Hypoglycemia in the Newborn

Angela Willis


The fourth trimester, the first twelve weeks postpartum, can be both exhilarating and overwhelming for new parents.1,2,3 One critical aspect is understanding feeding cues to ensure the baby receives adequate nutrition. Neonates require sufficient energy for growth, and hypoglycemia (low blood sugar) is a significant concern during this period. If not addressed quickly, hypoglycemia can lead to serious complications. This article explores how to support parents in recognising feeding cues and understanding hypoglycemia, promoting safer outcomes for infants.4,5

Hypoglycemia in the Newborn


Neonatal hypoglycemia is one of the most common metabolic conditions in newborns, particularly during the first 4 to 5 days post-birth.4 This period is the highest risk for developing hypoglycemia due to physiological changes and reliance on caregivers for feeding. If feeding cues are missed, or if a sleepy baby is not awakened to feed, metabolic needs can go unmet, further delaying milk supply transition. Although mild hypoglycemia’s impacts are less understood, significant clinical concerns arise from persistent hypoglycemia, which can adversely affect brain development.5,6

During pregnancy, glucose is supplied continuously through the placenta to enable growth and development of the baby. During physiological labour, glucose levels rise to an average of 4.6 mmol/L from an average of 3.5mmol/L in later pregnancy.7,8 For babies who are born by planned caesarean birth, the average glucose level after birth is slightly lower at 3.9 mmol/L and instrumental birth such as ventouse birth, the average glucose is around 5.8 mmol/L on average.9,10 Following the clamping and cutting of the cord, the baby’s liver begins taking over in glucose control. Within the first 30 minutes there is a fall in glucose levels where the neonate is using energy to transition to extrauterine life without the placenta. On average this fall is to around 2.9mmol/L, but this increases to an average of 3.1mmol/L by around 60-90 minutes.9,10,11 Feeding early in this first hour helps to maintain normal glucose levels at this stage. In healthy breastfed babies, most will remain at around an average of 3.3 mmol/L but by 4 days of life, this will have increased to an average of 4.5 mmol/L. 8,9,10

For healthy term infants, the lower threshold for glucose levels is below 2.6 mmol/L, but treatment thresholds vary regionally. A randomised controlled trial indicated no differences in neurodevelopmental outcomes at 18 months old between treatment thresholds of 2.0 mmol/L and 2.6 mmol/L. Many hospitals in the UK have reduced the treatment and intervention thresholds to 2.0 mmol/L and below, or alternatively 2.6 mmol/L and below if there are symptoms of hypoglycemia in the newborn.

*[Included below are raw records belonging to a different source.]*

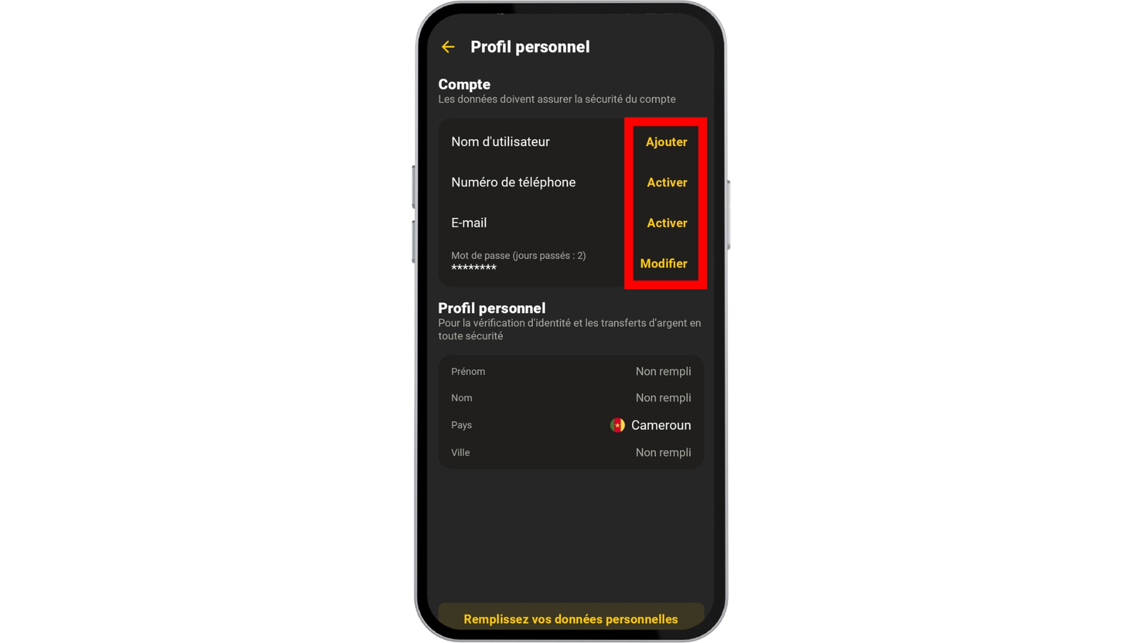 De plus, si à l’inscription vous n’avez pas fourni votre numéro de téléphone et votre adresse e-mail, vous devez le faire avant de passer à la dernière étape de participation au bonus. Pour cela, une fois dans votre profil personnel, cliquez sur les boutons « Activer », puis indiquez dans chaque champ l’information adéquate.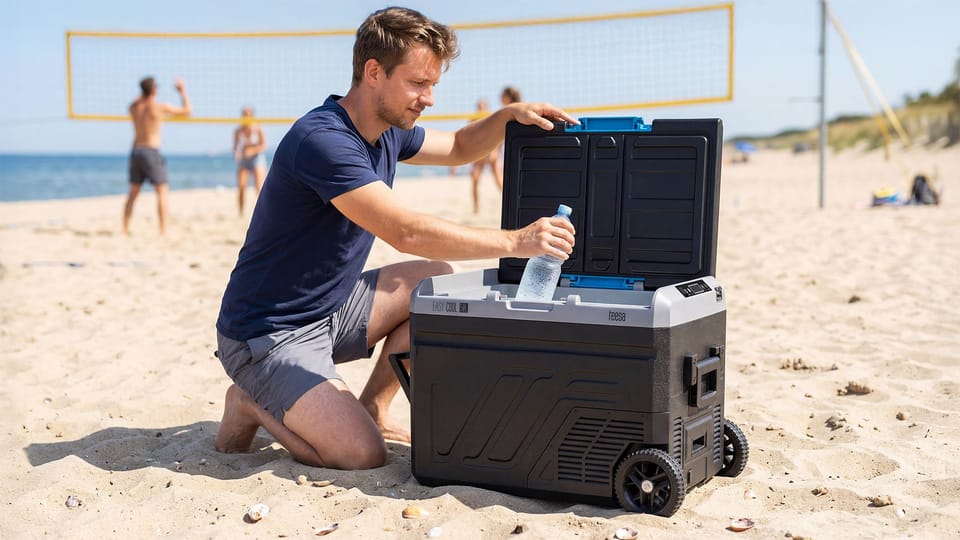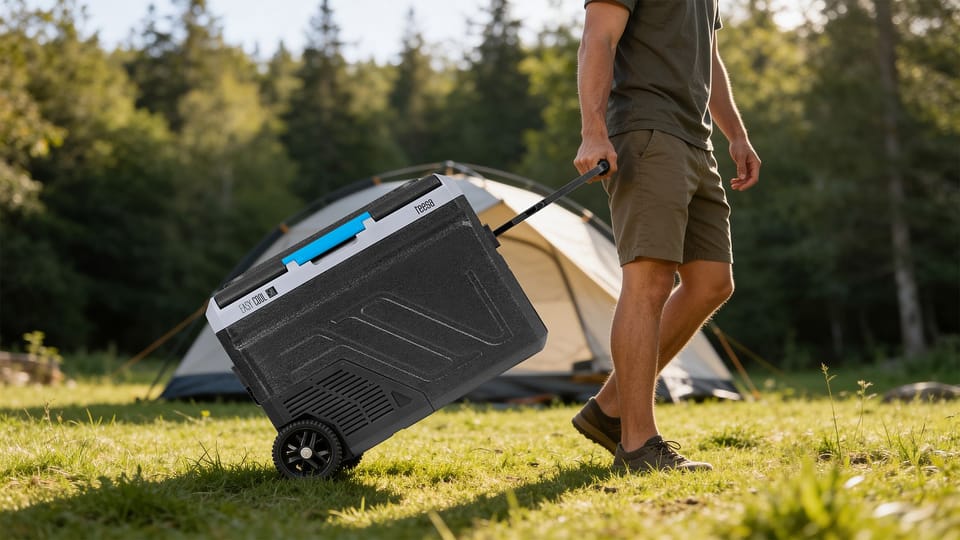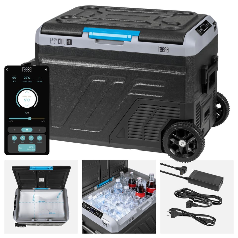 Profesjonalna lodówka turystyczna kompresorowa TEESA z funkcją mrożenia 50L DC12/24 AC 230V, duże koła i solidna rączka , Bluetooth, możliwość zasilania baterią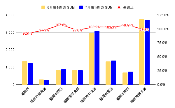 まずは福岡市内です。福岡市では先週比92.1%、107件の減少。増加率が高かったのは福岡市西区で、先週比107.6%、64件の増加となりました。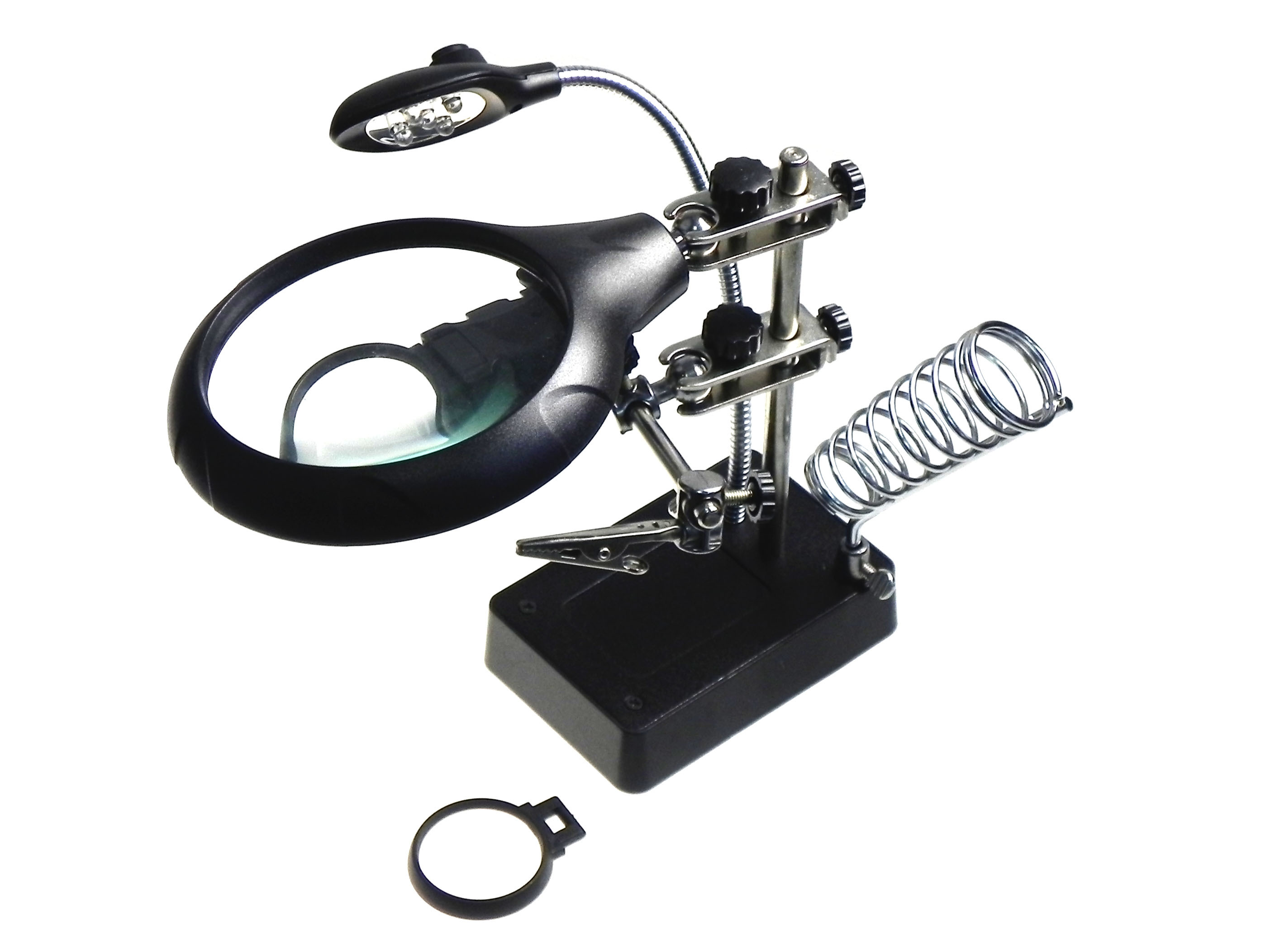 Комплектация:Держатель ("третья рука") и подставка для паяльника; диаметр дополнительных линз: 34 мм, 34 мм, упаковка.Описание:Назначение:для нумизматики/коллекционеров; для рукоделия/текстильная; для чтения; просмотровая, ювелирная/часовая; для косметоло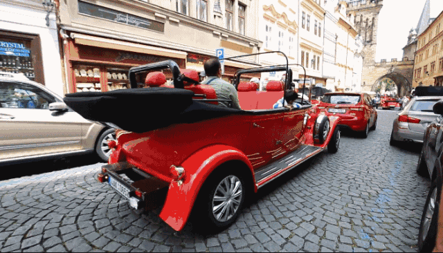 布拉格老城广场上的山寨老爷车,远远看去,似乎是些颜色鲜艳的老爷车,事实上,这些都是改装的旅游观光车,坐车上看布拉格,远远没有步行有感觉,更没有边走边看有味道。这当然是个坑,钱不少花,还没效果。

In severe hypoglycemia, hypoxic ischaemic encephalopathy (brain injury) and neonatal death can occur. A review of NHS litigation authority claims from 30 newborns born over 36 weeks gestation between 2002-2011 highlighted a need for education for healthcare professionals to assess, diagnose and treat neonatal hypoglycemia.15 25 of these 30 claims where babies were harmed cost a total of £162,166,677 in litigation claims.

Risk Factors


Infants born to diabetic mothers are at greater risk due to hyperinsulinemia.5,6,14,17,18,19 Other risk factors include:

 • Low birth weight (under the 2nd centile) 

• Preterm birth 

• Intrauterine growth restriction (IUGR) 

• Sepsis

• Use of alpha-beta blockers 

• Low cord gases at birth 

• Hormonal deficiencies 

• Metabolic conditions

• Poor infant feeding5

Symptoms of Hypoglycemia


Symptoms of hypoglycemia in newborns can be subtle and nonspecific, complicating early detection. Common signs include:

 • Jitteriness

 • Poor feeding (not waking for feeds, infrequent feeding, poor latch) 

• Lethargy 

• Temperature instability 

• In severe cases, seizures or altered consciousness.4,5,17,18

Prevention


Prevention begins during pregnancy, where educating women about blood sugar control can reduce complications. For mothers with risk factors, antenatal hand expressing can provide a milk supply for early feeds, enhancing parental confidence. Identifying at-risk infants at birth and implementing management strategies are crucial.20,21 Post-birth, keeping babies warm, facilitating skin-to-skin contact, and feeding within the first hour are essential.22,23

Healthcare providers should closely monitor at-risk infants since early intervention prevents complications. If a baby appears sleepy, parents should be educated to wake them to feed. Regular feeds every three hours are recommended during blood glucose monitoring. Parents should also receive guidance on recognising feeding cues and the importance of timely feeding to avoid hypoglycemia.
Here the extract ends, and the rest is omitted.